Mukasipidariyur is a panchayat town in Perundurai taluk of Erode district in the Indian state of Tamil Nadu. It is located in the north-western part of the state. Spread across an area of 14 km2, it had a population of 14,143 individuals as per the 2011 census.

== Geography and administration ==
Mukasipidariyur is located in Perundurai taluk, Erode division of Erode district in the Indian state of Tamil Nadu. Spread across an area of 14 km2, it is one of the 42 panchayat towns in the district. It is located in the north-western part of the state towards the southern end of the Indian peninsula.

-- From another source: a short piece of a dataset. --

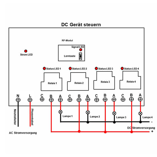 Relaisausgang: Dieser Empfänger ist der trockene Relaisausgang, es können zur Steuerung DC und AC Geräte verwendet werden.
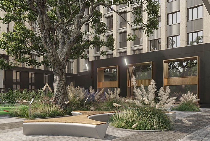 Первый этаж отведен под коммерческие помещения — там откроется салон красоты, ресторан, флористическая студия. В подземном уровне разместится паркинг. Закрытый внутренний двор-патио станет зоной отдыха.

The town panchayat is headed by a chairperson, who is elected by the members, who are chosen through direct elections. The town forms part of the Perundurai Assembly constituency that elects its member to the Tamil Nadu legislative assembly and the Tiruppur Lok Sabha constituency that elects its member to the Parliament of India.

==Demographics==
As per the 2011 census, Mukasipidariyur had a population of 14,143 individuals across 4,362 households. The population saw a significant increase compared to the previous census in 2001 when 11,012 inhabitants were registered. The population consisted of 7,108 males	and 7,035 females. About 1,132 individuals were below the age of six years. The entire population is classified as urban. The town has an average literacy rate of 75.3%. About 9.5% of the population belonged to scheduled castes.

About 60.7% of the eligible population were employed with majority employed in agriculture and allied activities. Hinduism was the majority religion which was followed by 98.2% of the population, with Christianity (1.2%) and Islam (0.4%) being minor religions.